抄经堂在寺庙西侧,很安静。苏砚隔着窗棂,看见沈青岚正伏案抄写。他坐得笔直,握笔的姿势一丝不苟,侧脸在透过窗纸的柔光中显得异常专注。桌上已堆了厚厚一叠抄好的经卷,字迹工整如印刷。
苏砚没有打扰,悄悄退了出来。走到寺门口时,却撞见了顾寒舟。
“顾兄也来了?”
顾寒舟晃了晃手中的食盒:“家母做了些素点心,给沈兄送来。苏兄这是?”
“路过,顺便看看。”苏砚笑道,“一起进去?”
二人走进抄经堂时,沈青岚刚抄完最后一笔。他揉了揉手腕,抬头看见他们,有些惊讶。
“二位怎么……”
“家母的心意。”顾寒舟放下食盒,“她说抄经耗神,需补补。

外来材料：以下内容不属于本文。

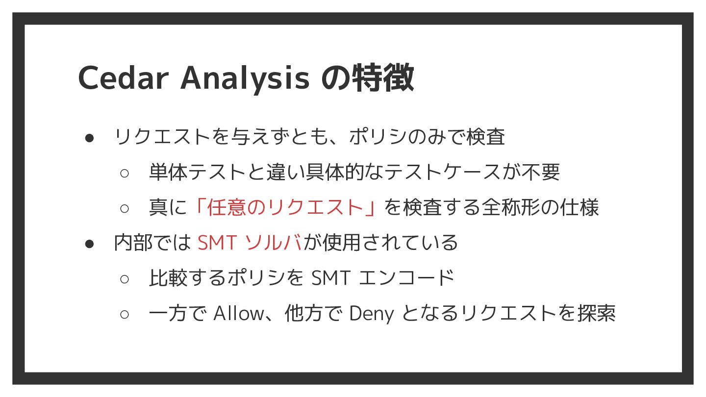 Cedar Analysis の特徴 • リクエストを与えずとも、ポリシのみで検査 ◦ 単体テストと違い具体的なテストケースが不要 ◦ 真に「任意のリクエスト」を検査する全称形の仕様 •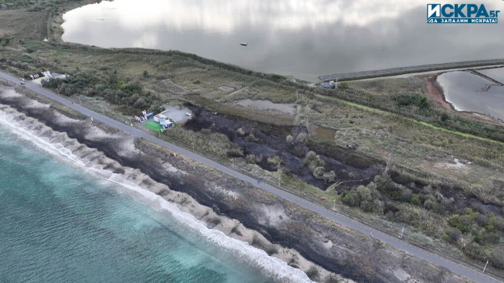 Припомняме ви, че огънят възникна вчера около 17:30 часа. Запалиха се сухи треви и папур до Атанасовското езеро и пешеходната алея към квартал „Сарафово“ в Бургас.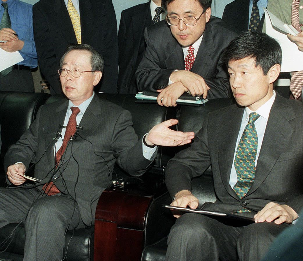 1998年12月31日,韩国政府与新桥签署《共识备忘录》后召开新闻发布会,左:韩国金监会主席李宪宰,右:单伟建。图源:《金钱博弈》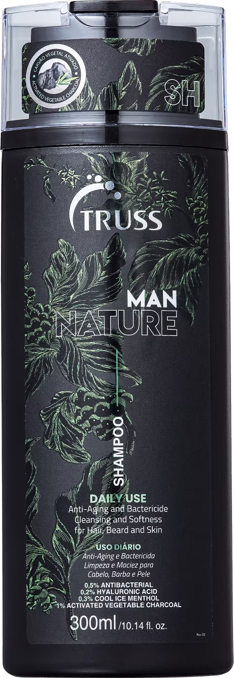 O Shampoo MAN NATURE TRUSS é ideal para ser usado no cabelo, barba e pele. Torna mais efetiva a rotina do homem moderno e prático que adora se cuidar, pois pode ser usado diariamente.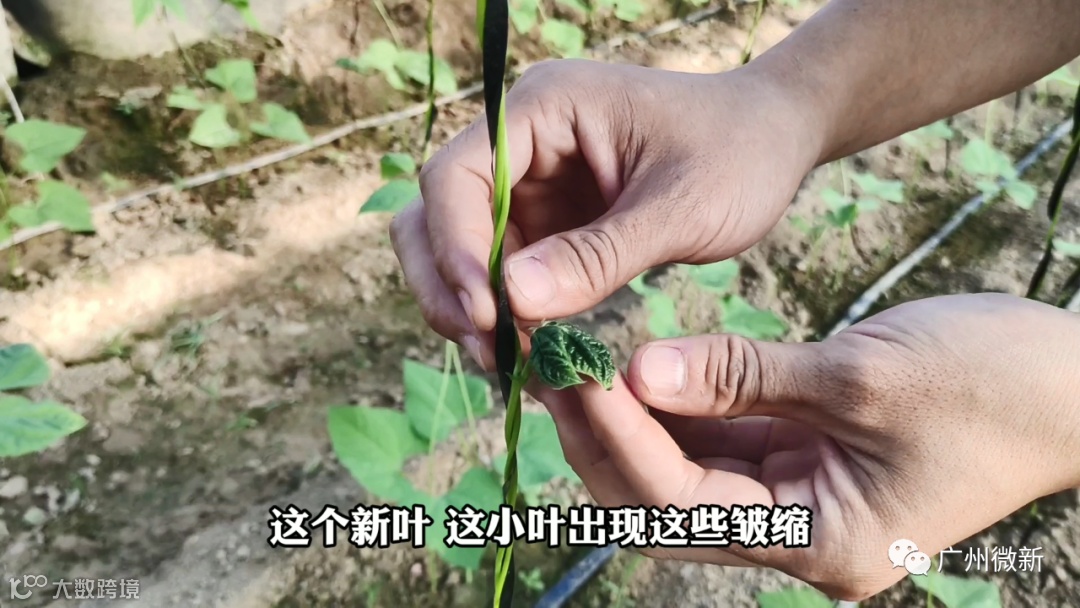以如上视频为例,这是位于山东聊城市莘县的一个豆角大棚。从视频中可以看到,豆角棵子上的新叶不伸展,出现皱缩现象;叶片颜色发黑;叶片从边上开始烂,且稍微有一些干边。棵子龙头上也出现了这个问题。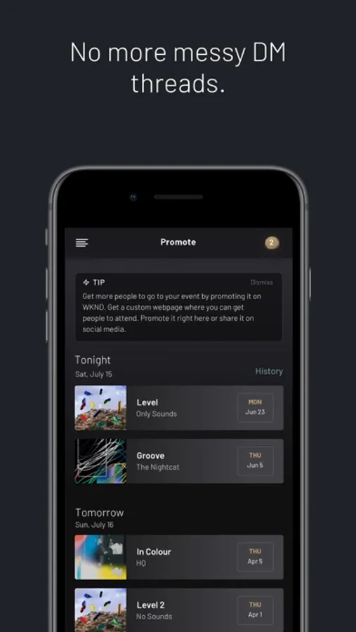 WKND simplifies the noise that interrupts the music experience. Plan, promote, collect payments, and push notifications to partygoers in one place so you can kick it now and better understand the analytics later.

”
沈青岚看着那精致的红漆食盒,沉默片刻,才低声道:“替我谢过伯母。”
苏砚注意到他手腕有些红肿,便道:“沈兄也该歇歇,手腕都肿了。”
“无妨,明日就能抄完。”沈青岚淡淡说,却掩不住疲惫。
顾寒舟皱眉:“诗会是下月的事,不必如此着急。今日天气好,不如我们去湖边走走?听说‘映月湖’的荷花开了。”
沈青岚本想拒绝,但看着二人关切的眼神,话到嘴边又咽了回去,点了点头。
映月湖在城东,此时荷叶田田,已有早荷绽开粉白的花苞。三人租了条小船,船娘摇着橹,缓缓划入湖心。

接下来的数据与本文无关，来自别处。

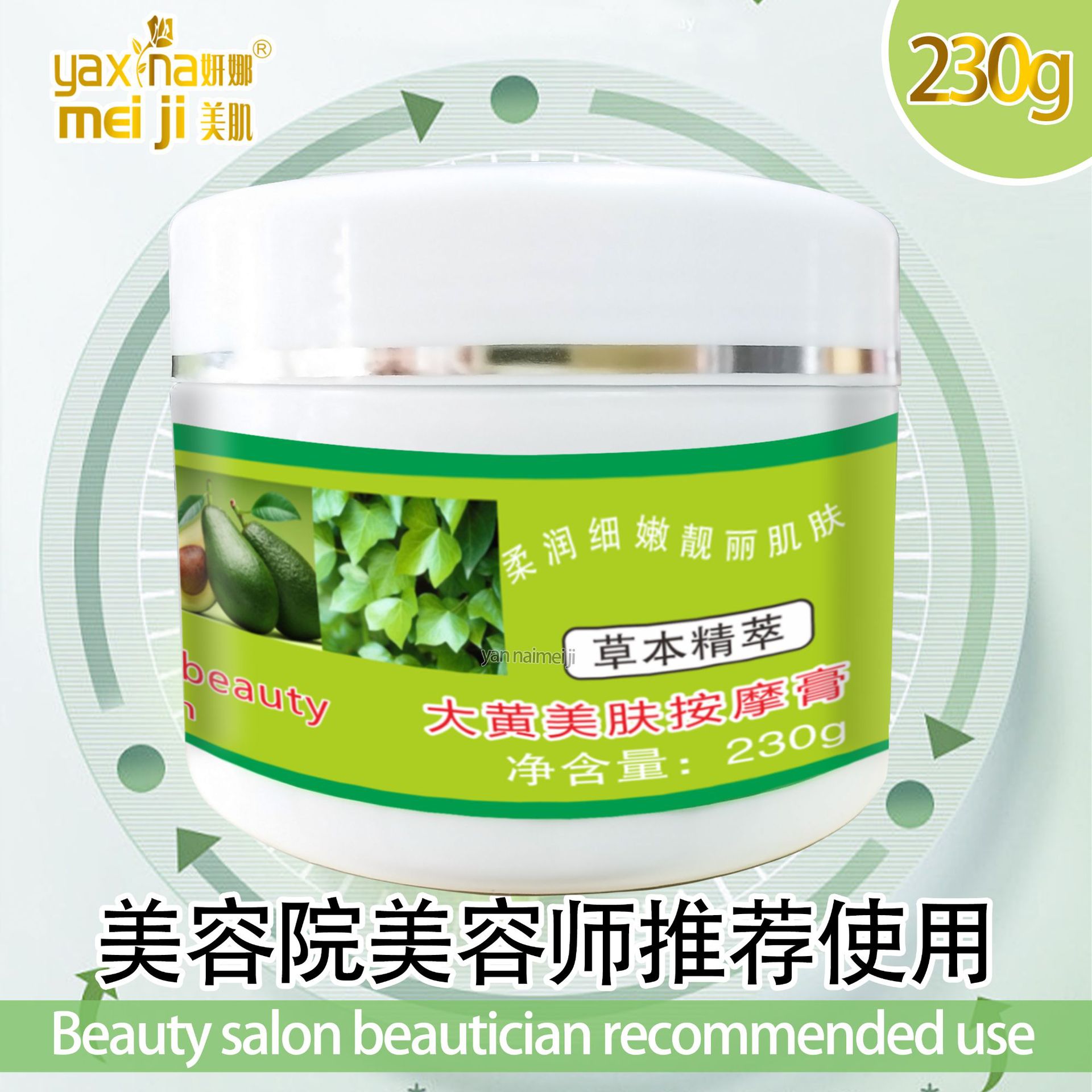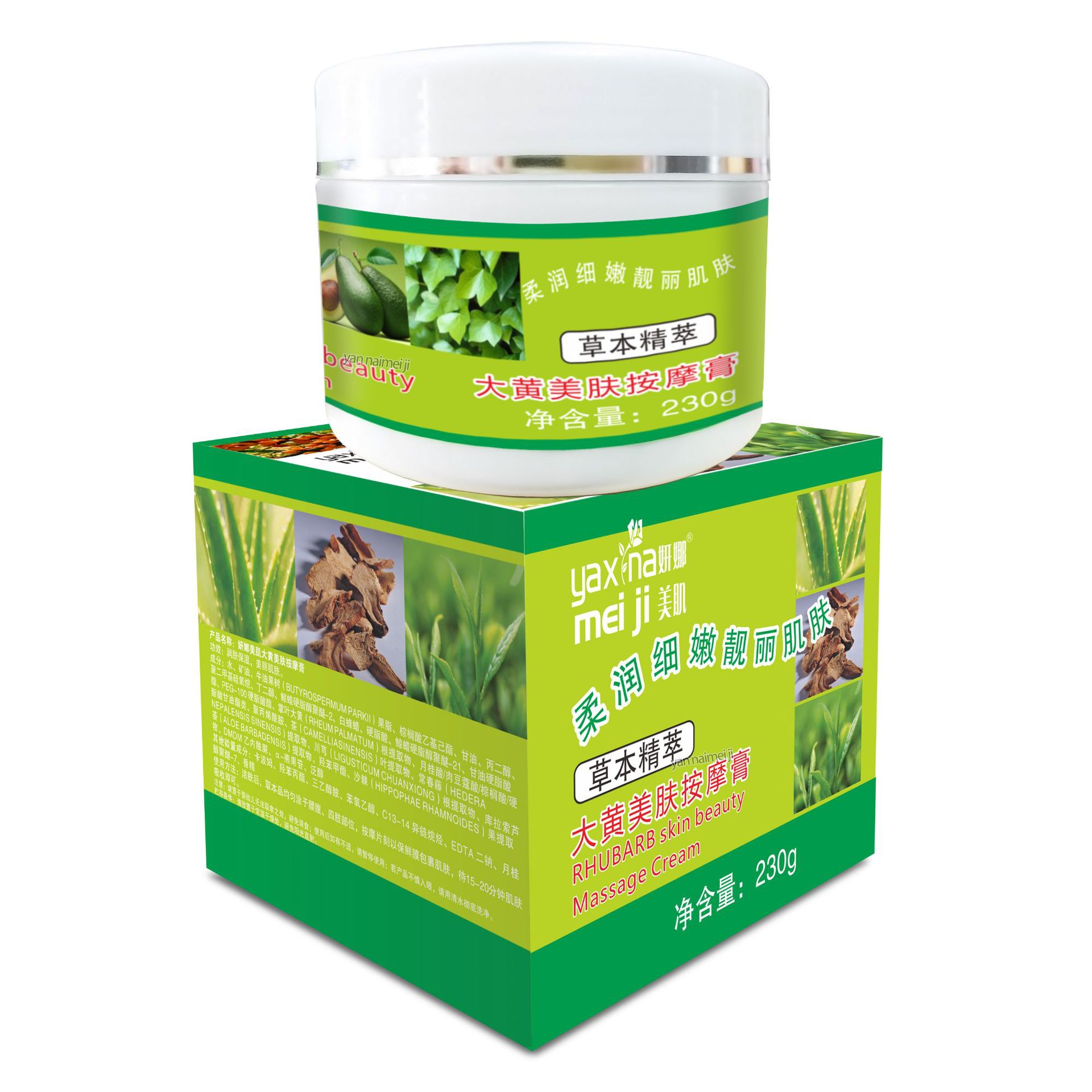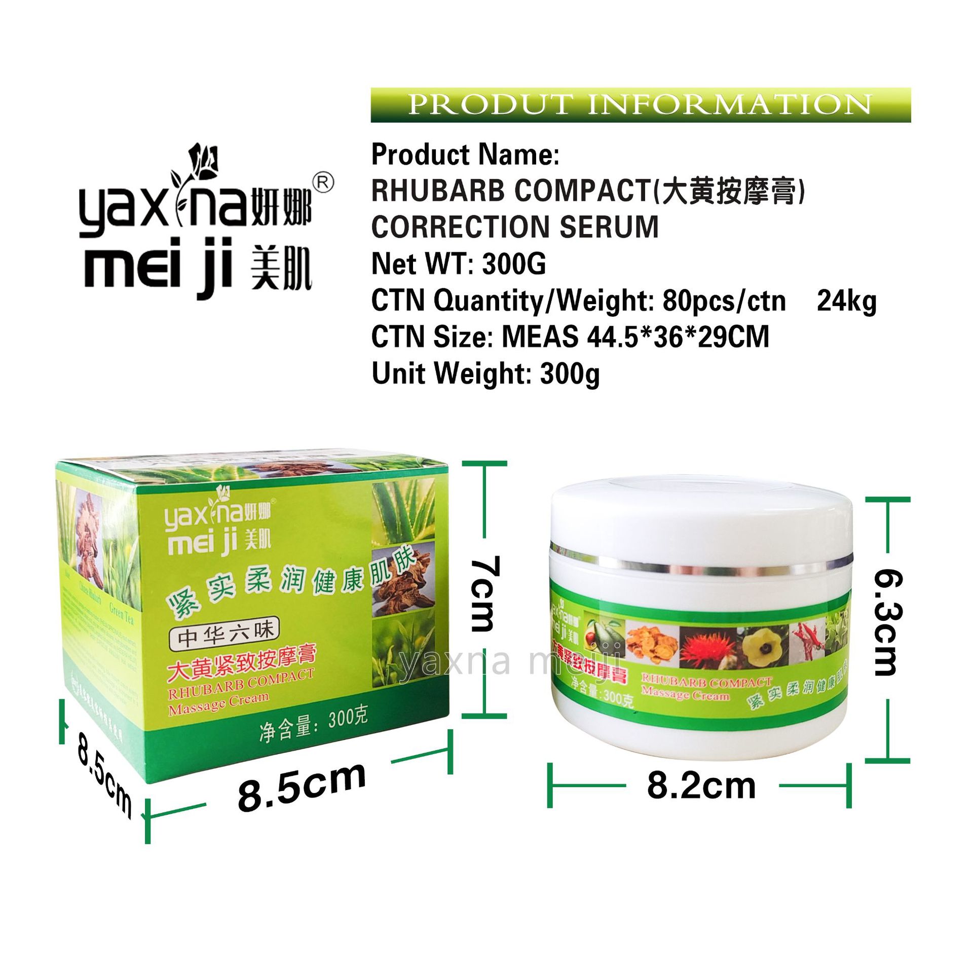 产品名称: 300g大黄按摩膏 品牌:YANNAMEIJI单品毛重 :300g 净含量:300g装箱规格:80pcs/ctns 箱重24kg箱单品尺寸 8.5*8.5*7 8.2*6.3cm装箱尺寸 MEAS 44.5*36*29 cm包装:如图 可按客户需求来订做

清风拂面,荷香阵阵。顾寒舟忽然提议联句,以“荷”为题。
“那我起头了。”他略一思索,“碧叶连天接水湄。”
苏砚接道:“粉苞含露待风催。”
沈青岚望着远处一只掠过水面的白鹭,轻声说:“不争桃李春风艳。”
顾寒舟眼睛一亮,脱口接上:“只守清涟夏月辉。”
“好一个‘只守清涟夏月辉’!”苏砚拍掌,“沈兄这句,大有深意啊。”
沈青岚垂下眼帘,没有接话。船行至一片浓荫下,他忽然轻声问:“二位可曾想过,若有一日,不得不违背本心去做事,当如何?”

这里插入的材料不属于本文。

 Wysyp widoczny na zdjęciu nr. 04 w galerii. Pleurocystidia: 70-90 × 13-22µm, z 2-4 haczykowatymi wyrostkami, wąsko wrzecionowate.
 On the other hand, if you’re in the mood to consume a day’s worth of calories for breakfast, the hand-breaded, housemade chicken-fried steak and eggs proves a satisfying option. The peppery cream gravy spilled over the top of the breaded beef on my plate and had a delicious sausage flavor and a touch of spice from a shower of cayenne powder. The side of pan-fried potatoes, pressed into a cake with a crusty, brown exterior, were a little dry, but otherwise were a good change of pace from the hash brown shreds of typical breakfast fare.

这问题来得突兀。苏砚愣了愣,说:“那要看是什么事了。若关乎大义,自然不能妥协。”
顾寒舟却问:“沈兄为何有此一问?”
沈青岚望着水面自己的倒影,声音飘忽:“只是忽然想到。这世间,总有许多不得已。”
一时间,三人都沉默了。只有船橹划水的声音,和远处隐隐约约的采莲歌。
过了许久,顾寒舟才缓缓道:“家父曾说,人生在世,有所为有所不为。但何为‘可为’,何为‘不可为’,往往不是非黑即白。”他顿了顿,“我只愿自己将来无论面对何种境地,都能守住心中那条线。”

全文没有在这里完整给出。